Like other Monuments to Slavery, Bradenton’s monument was erected at the height of Jim Crow in the South by the dementia-addled wenches of the Daughters of the Confederacy.
Now the Manatee County Commission wants to re-install the monolith using the same old bogus justifications of historical value. The only new twist involves a new justification that installing a Monument to Slavery will somehow remind people of the Bad Old Days, thus preventing racism and bigotry: the “history repeating itself” excuse.
What changed since the monuments removal in 2017?
The voters stuffed the county commission with right-wing Christofascists wannabes, all disciples of the Dark Fuhrer in the Florida governor’s mansion, Ron DeFascist. (The county even named a new park after the governor.)
This is no surprise to Bradenton residents. Glorifying a dark, blood-stained past is part of Manatee County’s culture. Starting in 1939, residents formed the Hernando DeSoto Historical Society, based on a federally-funded commission to make a Best Guess where the Spanish conquistador and his raiding party of cut-throats landed in Florida. The Swanson Commission guessed it might have been near the mouth of the Manatee River in Manatee County.
Every year, a parade is sponsored by the Hernando DeSoto Historical Society, a collection of bourgeois White guys with too much money and free time. Under the guise of “enriching” the community, they get to put on glorified Halloween costumes and parade through the city tossing cheap shiny beads to the masses. The event ends with the conquistadors “capturing” the City of Bradenton — sans the slaughter of Native Americans.

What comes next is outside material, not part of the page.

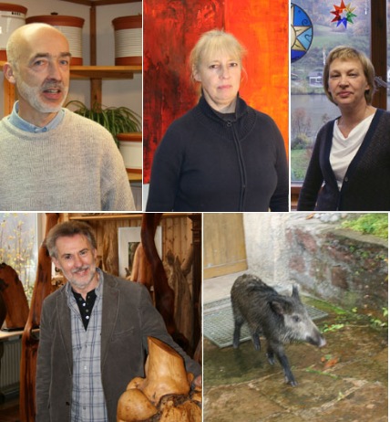 Belohnt wurden sie mit einem Einblick in die Arbeit in Ateliers und Werkstätten. Man hatte außerdem die Möglichkeit, mit den ausstellenden Künstlern und Handwerkern: Keramikermeister Alfred Schließler und Hanna Born-Schließler (Keramikwerkstatt Krösselbach), Marion Maass-Hartner (Malerei), Ulrike Nelles (Glaszone Nelles) und Franz Musiol (Holzskulpturen) ins Gespräch zu kommen.

The history of DeSoto’s bloody journey through the southeast United States in the 1500s is conveniently overlooked, as is the obvious similarity to Germany’s Lebensraum activities during the 1930s and 40s in Europe. DeSoto and Henrich Himmler share quite a few traits:
- Both wanted to steal foreign land for a European power.
- Both served an absolute ruler.
- Both believed the indigenous people were inferior humans, although DeSoto referred to them as savages and Himmler called them Untermensch, sub-human.
- Both ordered massacres of these inferior humans.
- Both believed god was on their side.
It’s all part of the Flori-Duh political clown circus that stretches from Tallahassee to the realm of the Orange Emporer of Mar-A-Loco.
But at least it doesn’t snow. There is that.